Большинство авторов, писавших на эту тему, согласны, впрочем, в том, что этот порок нигде не был так распространен, как в Англии. Этот взгляд трудно опровергнуть как потому, что большинство документов о флагеллации английского происхождения, так и потому, что ни в какой другой стране так открыто и прямо не прославлялось употребление розги. Приведем в подтверждение обоих этих фактов один только пример — известную историческую поэму Самуэля Бетлера «Гудибрас», в которой содержится пространный сатирический выпад и против этого порока.

И все-таки было бы рискованно видеть в флагеллации специфически английский порок и объяснять это явление, как иногда делается, грубостью англичан. Ибо нет надобности доказывать, что этот порок был в XVII и XVIII веках чрезвычайно распространен также во всех других странах и что он в особенности встречался в целом ряде монастырей, начиная с крайнего юга Европы и кончая крайним севером. Как раз последнее обстоятельство доказывает как нельзя лучше, что этот порок становится массовым везде, где нет места естественным проявлениям природы, так что ода реагирует уже только под кнутом рафинированнейших возбуждающих средств, и чрезмерная возбужденность желания уже только таким образом находит свое удовлетворение.



До сих пор мы рассматривали «любовь» (если не считать главы о браке) как самоцель. Однако в эту эпоху, как и во всякую другую, такая ее роль становится особенно важной только после выяснения вопроса: в какой степени любовь — в то же время и средство для достижения цели, то есть простое средство расплаты.

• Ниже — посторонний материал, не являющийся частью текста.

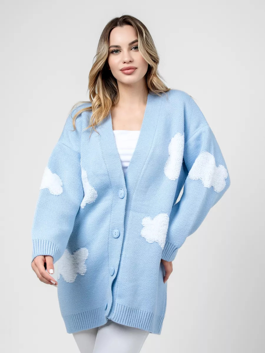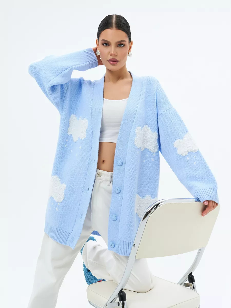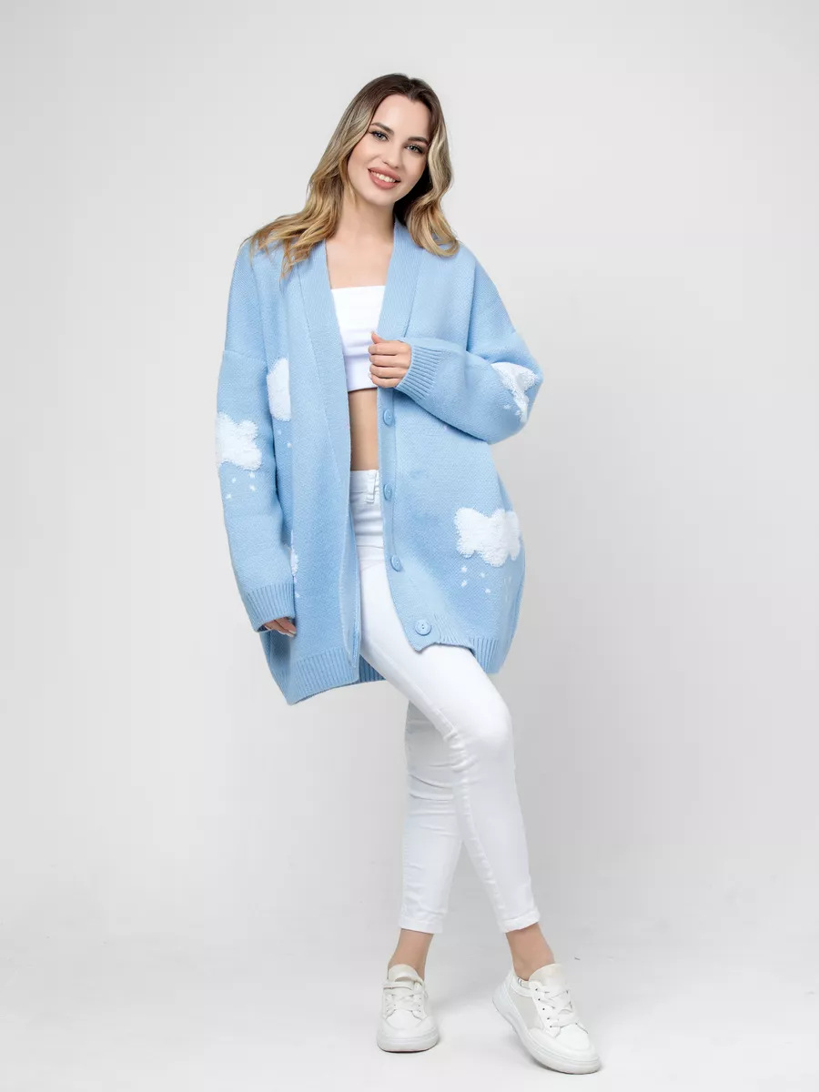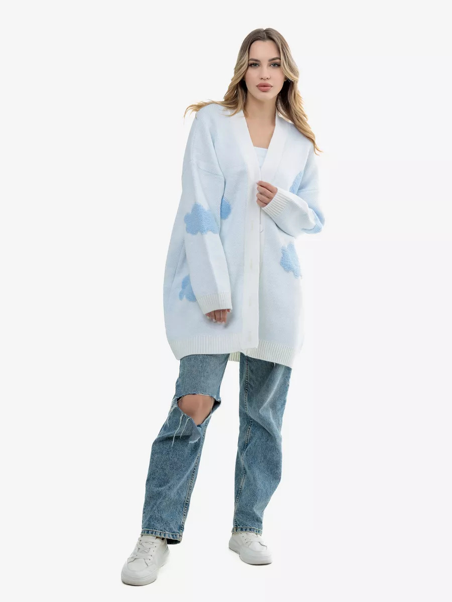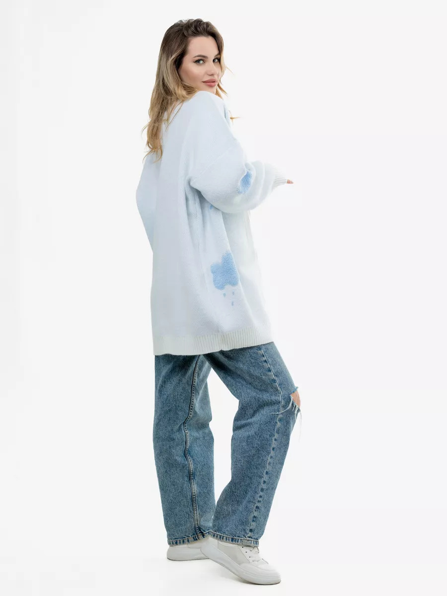 Women Turtleneck Cloud Cute Sweater Cardigan Knit Casual Daily Autumn Winter Women Coat Top

Во все эпохи «любовью», естественно, расплачивались за влияние, положение, могущество и т. д. Иначе: товарный характер неотделим от любви. И потому для каждой эпохи можно привести массу документов, подтверждающих открыто или более или менее замаскированно ее товарный характер. А так как этот товарный характер неотделим от любви, то размеры явления и служат единственным решающим мерилом достигнутой эпохой высоты культуры. Чем более отступает на задний план товарный характер любви, чем более чувственная страсть покоится на базисе высшего духовного единения, тем более вверх идет и культура. А чем больше выступает товарный характер любви, тем более упадочна культура. Если пользоваться таким мерилом, то эпоха абсолютизма займет очень низкое место, и притом столь низкое, что оправдается сказанное нами выше об этой эпохе: она знаменует собой трагедию культуры.

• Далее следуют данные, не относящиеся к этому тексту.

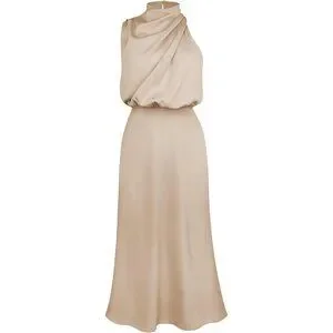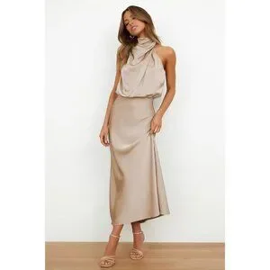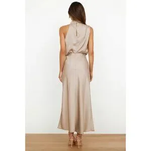Women's Almond Spring Summer Satin Sleeveless Elegant Formal Mock Neck Maxi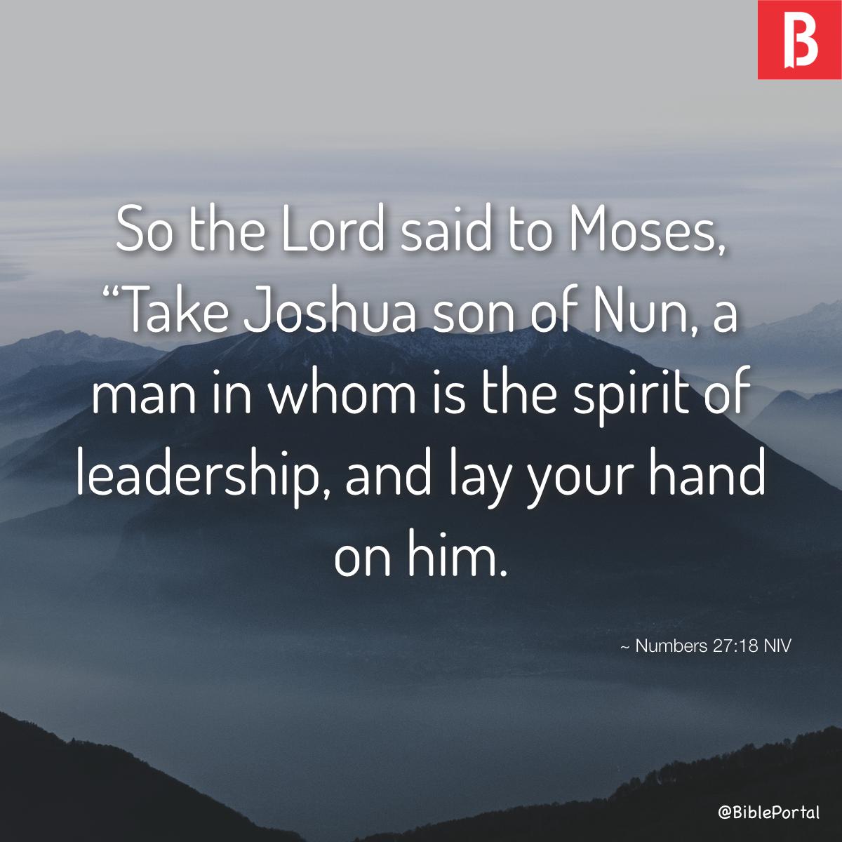摩西臨終之前,蒙神恩待,來到視野遼闊,足以一覽迦南美地的亞巴琳山上。摩西知道自己來日無多,因而求神恩待以色列人,能有一位如牧人般能夠引領百姓進入應許地的人賜給他們。神對摩西說:約書亞是心中有聖靈的人,你要帶他到會眾前,為他按手賦予使命,也要吩咐會眾聽從。約書亞也要站在大祭司以利亞撒面前,領受出於神的心意判斷,且照著神的話語帶領百姓出入的相信。於是,神怎麼吩咐,摩西就怎麼去做。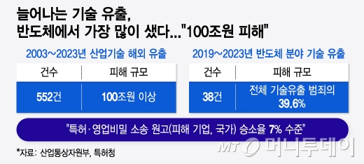 유혹은 느는데 솜방망이 처벌은 계속되다 보니 유출 피해는 더 커진다. 산업통상자원부와 국가정보원 등에 따르면 2003년부터 지난해 7월까지 20년간 발생한 기술유출의 피해 규모는 100조원 정도다. 이 중 상당수가 반도체 업종이다. 지난해 적발된 기술유출 23건 중 15건(65%)이 반도체 관련 기술유출이었다. 업계가 추산하는 지난해 반도체 기술유출 피해액 예상치는 수조원이 넘는다.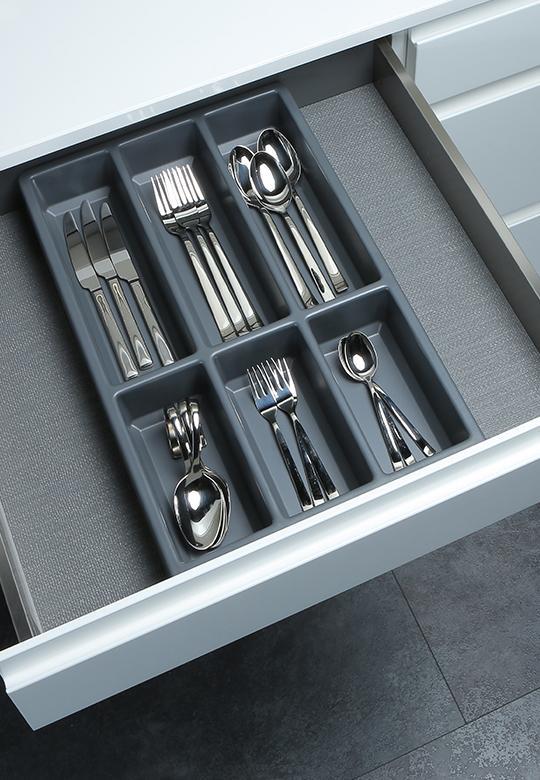 Prosta forma wkładu pozwala na wykorzystanie Separado w szufladach przy niestandardowych szerokościach. Można umieścić jeden lub kilka wkładów z linii Separado w jednej szufladzie w zależności od jej szerokości.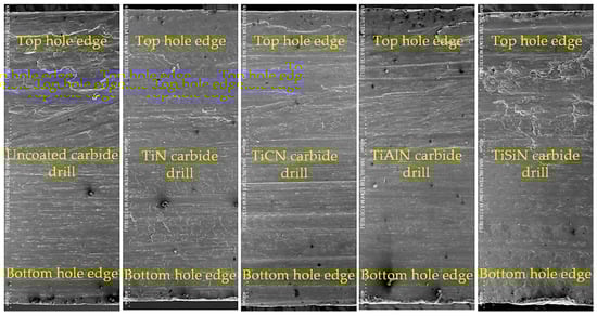 - The worst surface finish with irregular patterns around the top and bottom of the hole edges and most oversized holes were obtained by TiSiN-coated carbide drills following the TiAlN.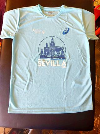 Camiseta técnica de la Maratón de Sevilla de 2020. - Diseño con el skyline de Sevilla. - Logo de Asics. - Tejido transpirable.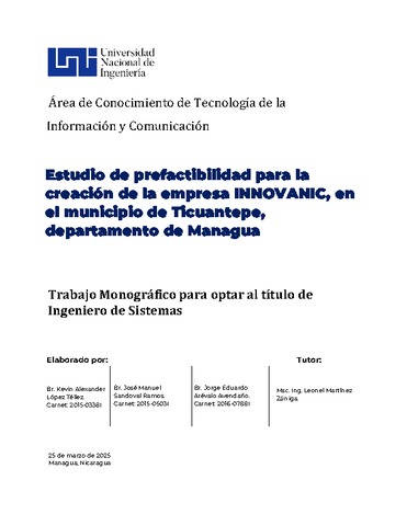 López Téllez, Kevin Alexander and Sandoval Ramos, José Manuel and Arévalo Avendaño, Jorge Eduardo (2025) Estudio de prefactibilidad para la creación de la empresa INNOVANIC, en el municipio de Ticuantepe, departamento de Managua. Other thesis, Universidad Nacional de Ingeniería.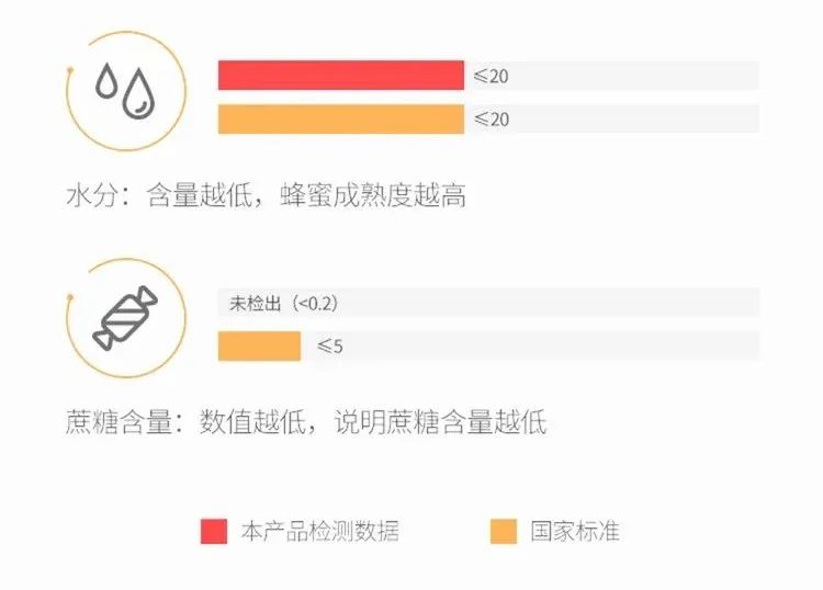 而且根据《行业标准蜂蜜》,这款四川白蜜含水量只为20%,符合一级品≤20%的标准,蔗糖也被转化成了葡萄糖和果糖,是自然好蜜。

В эпоху абсолютизма любовь не только ходячее средство расплаты, а такое, курс которого стоит выше всех остальных.

«Любовью» достигают состояния, влияния, прав, положения, могущества — словом, всего. Получить место, должность, почести можно легче всего путем «любви». В одном лейпцигском летучем листке 1720 года, озаглавленном «Встреча Карла II с Мольером», говорится: «Человек может знать Платона и Аристотеля, может знать наизусть даже все своды законов и канонического права, быть посвященным в квинтэссенцию политики и знать историю как по пальцам. И все-таки все эти знания не сделают его даже трубочистом, и он останется бедным и безвестным, тогда как любой невежда достигает высших почетных должностей и несметных богатств, если имеет красавицу жену без совести».

Кокетство и флирт служат в этой торговой сделке необходимой мелкой монетой, без которой никто не может обойтись. Этот факт вовсе не противоречит той большой роли, которую любовь играла в эту эпоху в смысле самоцели, а является лишь неизбежным коррелятом. Там, где любовь всеми ценится как высший объект наслаждения, она должна в такой же степени стать предметом торга, и притом главным предметом торга.